Lorsque les individualistes antiautoritaires, les individualistes anarchistes - c'est-à­ dire les individualistes intégraux - réclament, revendiquent la possibilité de coexistence et de fonctionnement parallèle et simultané d'associations de toute espèce et de toute intention ; lorsqu'ils revendiquent pour l’unité humaine - pour l'isolé comme pour l'associé, pour le solitaire comme pour le sociable - la possibilité de « vivre sa vie » sans avoir à redouter qu'autrui (son semblable, l'Etat, le Gouvernement, l'ambiance sociale ou morale) intervienne dans ses faits et gestes, empiète sur sa liberté d'être et d'avoir, les individualistes n'attendent pas la réalisation de leurs aspirations d’une mentalité faisant de la tolérance la base des relations entre les humains.

On a vu précédemment que c'est sur la réciprocité que les individualistes à notre façon voudraient voir se fonder les rapports entre les hommes. Et la réciprocité n'a rien à démêler avec la tolérance, régime de pur arbitraire et de bon plaisir. Il n'y a aucune fierté, aucune dignité à être toléré par ses adversaires. Qu'ils soient mus par la crainte ou par la pitié, par la politique ou la nécessité, il ne s'agit, en réalité, dans tous les cas, que d'une charte aléatoire dont les articles seront abolis dès que ceux qui l'auront octroyée se sentiront plus forts ou n’auront plus besoin de leurs antagonistes.

La tolérance est un autre mot pour humiliation. On vous tolère, c'est-à-dire on vous permet de vous manifester, d'exister, plutôt de végéter ; on vous accorde tout ou partie de l'exercice de votre activité mentale ou physique, quitte à retirer licence ou autorisation dès que la bienveillance ou la patience des privilégiés, des dirigeants ou des multitudes - selon le cas -­ se seront lassées ou épuisées. Ou encore dès que la Raison d'Etat ou la Souveraineté Populaire prescrira de mettre un terme à cette tolérance, tout simplement parce que sa pratique devient dangereuse pour le Pouvoir établi ou le conservatisme du Milieu social.

La Tolérance nous apparaît donc comme un régime tout au plus bon pour les esclaves auxquels l’absence de chaînes fait imaginer qu'ils sont libres.

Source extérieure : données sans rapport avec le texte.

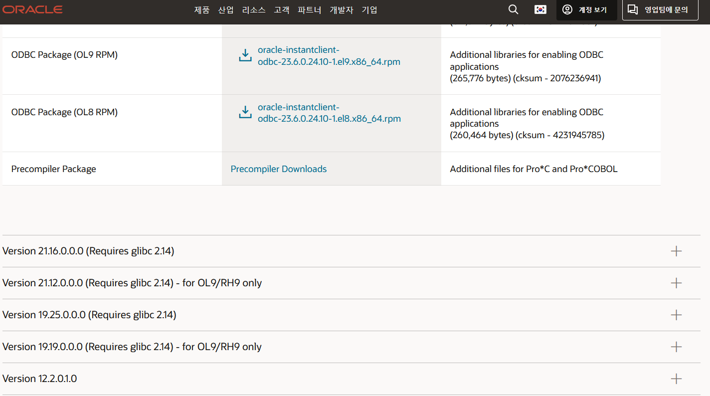 https://www.oracle.com/kr/database/technologies/instant-client/linux-x86-64-downloads.html
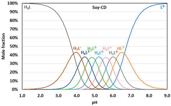 pH-dependent distribution of protonation microspecies of Suγ-CD.

Ce n'est pas la tolérance qu'exigent, que revendiquent les individualistes à notre manière. Ils réclament, ils veulent la possibilité entière, inaliénable, de vivre leur vie, à leur goût, à leur gré, peu importe que cela scandalise ou épouvante ceux dont la conception de vie diffère de la leur. Ils veulent vivre leur vie à leur façon, sans se mêler de la façon de vivre des autres. Ils ne tolèrent pas autrui : ils laissent autrui poursuivre en toute tranquillité son évolution ; ils se contentent de demander de lui qu'il agisse de même à leur égard. Ils peuvent s'associer pour éprouver, essayer, réaliser telle théorie, tel projet, tel dessein, mais c’est encore à leurs risques et périls, et en se défendant bien d'intervenir dans les buts, les objets, le fonctionnement des autres associations. Les individualistes ne veulent pas plus être des gêneurs que des gênés. C'est sous le régime de la « liberté égale » qu'ils veulent vivre et non sous celui de l'abaissante « tolérance ».